### WHAT YOU SHOULD DO
Make an exact copy of the records below, excluding images.

+ + +

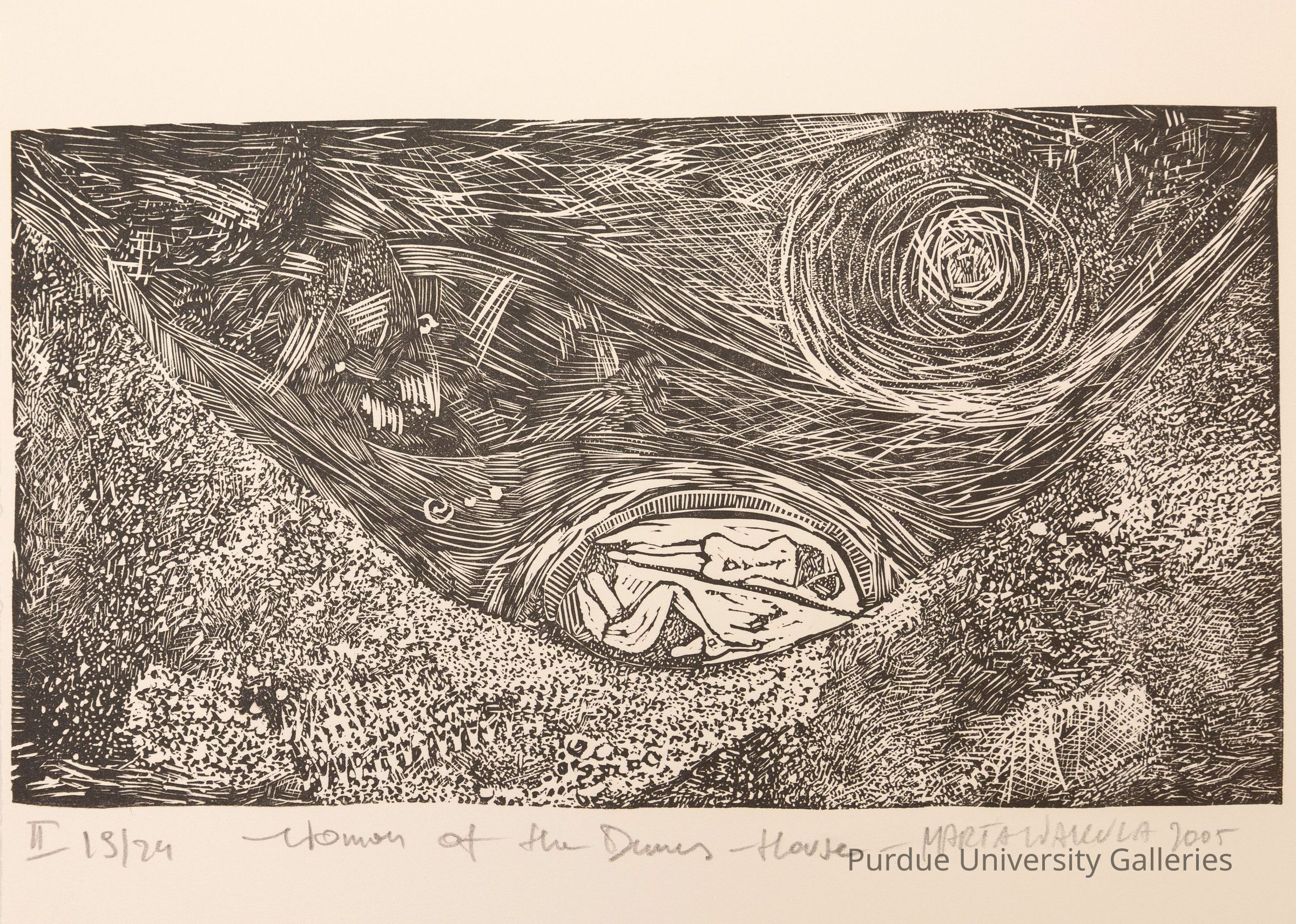 Print of two individuals lying in a seed-like pod and surounded by the earth and sky. Along the bottom of the print wirtten in pencil "II 19/24, Woan of the Dunes - House, Marta Wakula, 2005"Type of Print
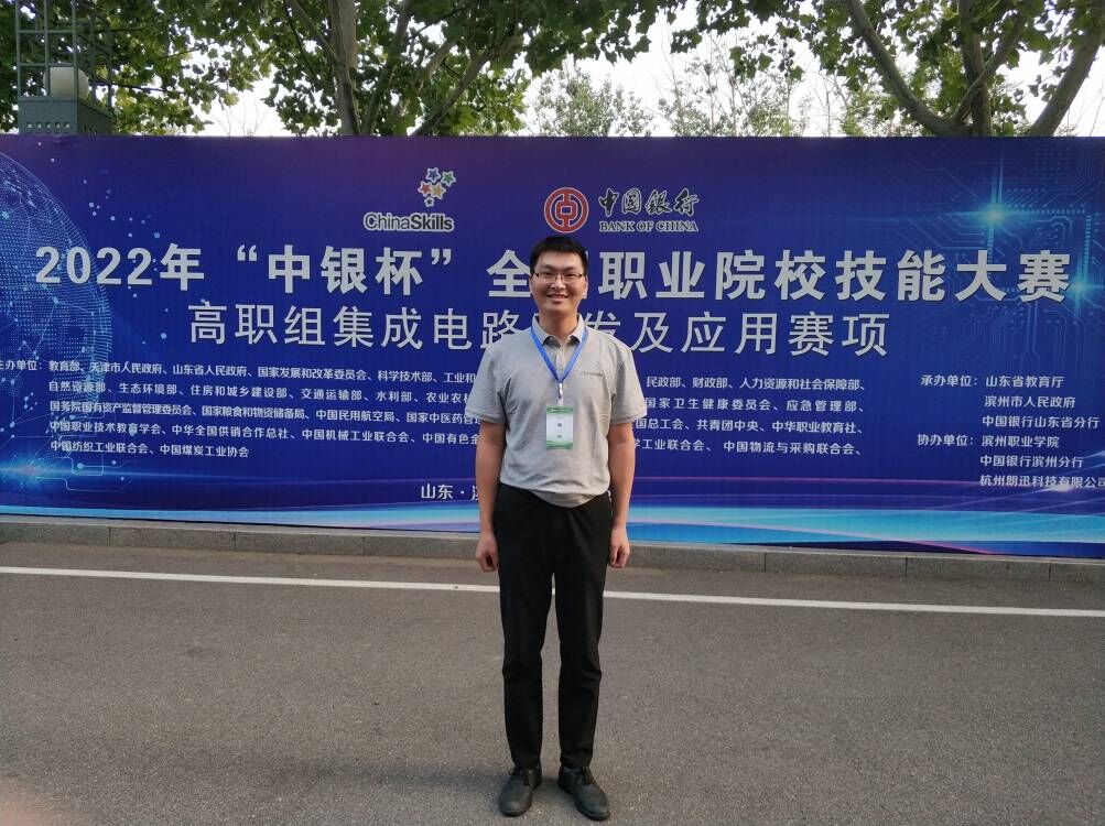 高手云集齐鲁,技能强“芯”报国。2022年8月29日至31日,2022年全国职业院校技能大赛高职组集成电路开发及应用赛项在滨州职业学院举行。本次大赛由教育部等36个单位主办,山东省教育厅、滨州市人民政府承办,滨州职业学院、杭州朗迅科技有限公司协办,来自全国各地50支代表队150名选手共聚齐鲁大地,展开激烈角逐。我校医学技术系副主任钟伟雄受聘担任此次大赛集成电路开发及应用赛项裁判。
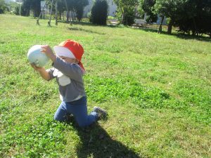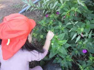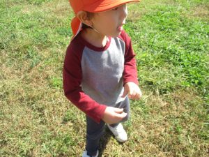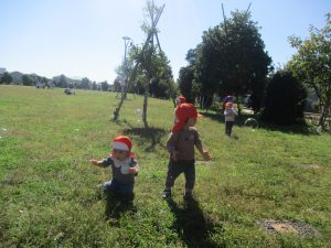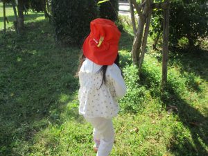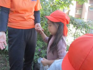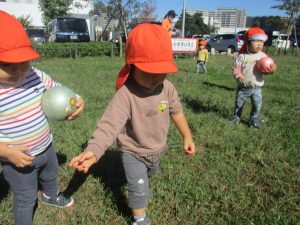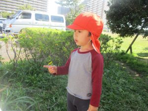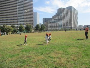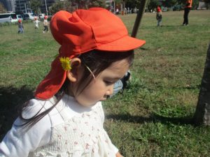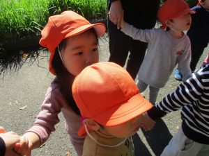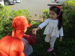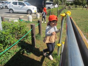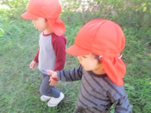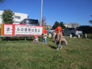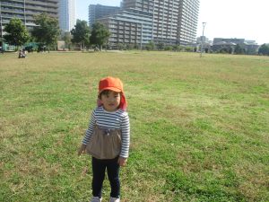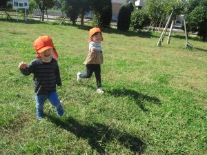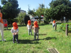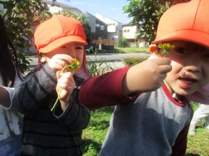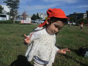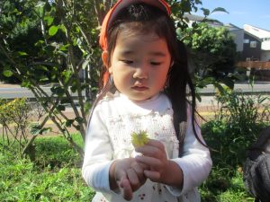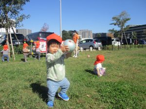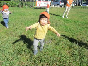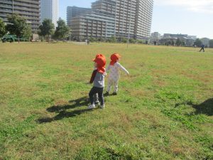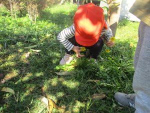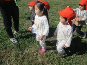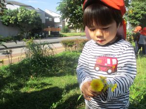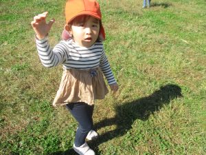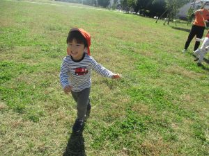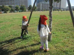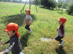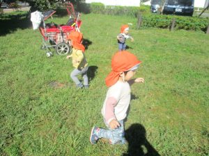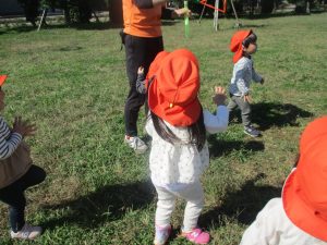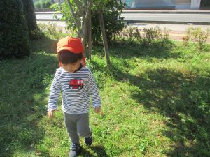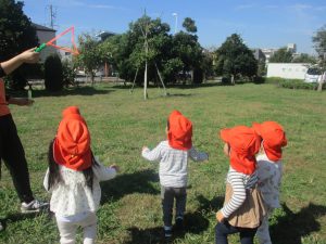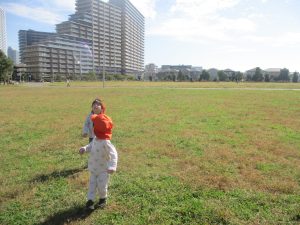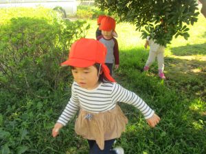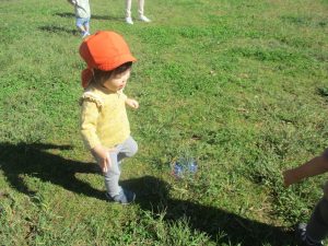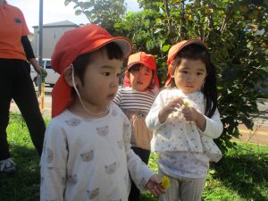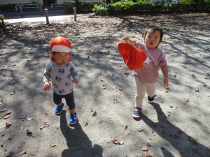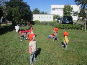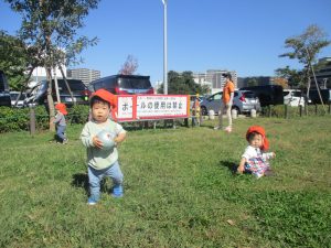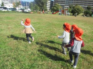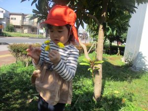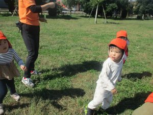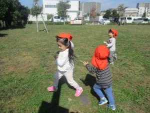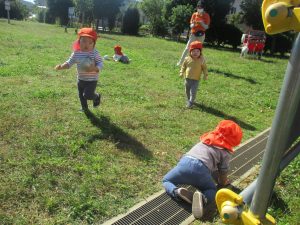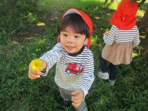 本日も気持ちの良い秋晴れの中、2歳児クラスのお友達は防災公園にて鬼ごっこやお花摘みを楽しみました。
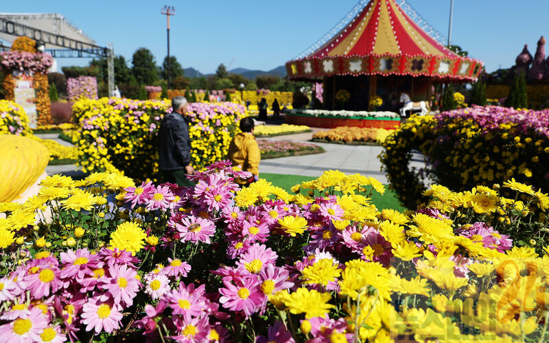 국화꽃이 만개한 중앙광장에는 수만 송이의 화단국과 분재국이 어우러져 장관을 이루며, 가족 단위 방문객과 연인, 친구들이 추억을 남길 수 있는 ‘인생샷 명소’로 큰 호응을 얻고 있다.
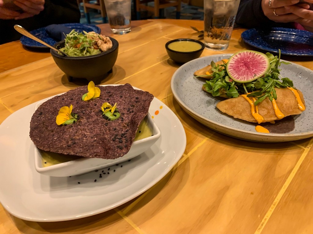 Prior to the musical, we had dinner at La Fisheria, which provided a new experience with food. Olivia had the salad; Daniela had the fish; Michelle had a type of ceviche, with shrimp, scallops, and peppers; Professor Yawn and Stephanie split the tacos (fish and lobster). In addition, we all split some appetizers: poblano dip, empanadas, and guacamole.

+ + +

### ANSWER SECTION
 Print of two individuals lying in a seed-like pod and surounded by the earth and sky. Along the bottom of the print wirtten in pencil "II 19/24, Woan of the Dunes - House, Marta Wakula, 2005"Type of Print
 高手云集齐鲁,技能强“芯”报国。2022年8月29日至31日,2022年全国职业院校技能大赛高职组集成电路开发及应用赛项在滨州职业学院举行。本次大赛由教育部等36个单位主办,山东省教育厅、滨州市人民政府承办,滨州职业学院、杭州朗迅科技有限公司协办,来自全国各地50支代表队150名选手共聚齐鲁大地,展开激烈角逐。我校医学技术系副主任钟伟雄受聘担任此次大赛集成电路开发及应用赛项裁判。
 本日も気持ちの良い秋晴れの中、2歳児クラスのお友達は防災公園にて鬼ごっこやお花摘みを楽しみました。
 국화꽃이 만개한 중앙광장에는 수만 송이의 화단국과 분재국이 어우러져 장관을 이루며, 가족 단위 방문객과 연인, 친구들이 추억을 남길 수 있는 ‘인생샷 명소’로 큰 호응을 얻고 있다.
 Prior to the musical, we had dinner at La Fisheria, which provided a new experience with food. Olivia had the salad; Daniela had the fish; Michelle had a type of ceviche, with shrimp, scallops, and peppers; Professor Yawn and Stephanie split the tacos (fish and lobster). In addition, we all split some appetizers: poblano dip, empanadas, and guacamole.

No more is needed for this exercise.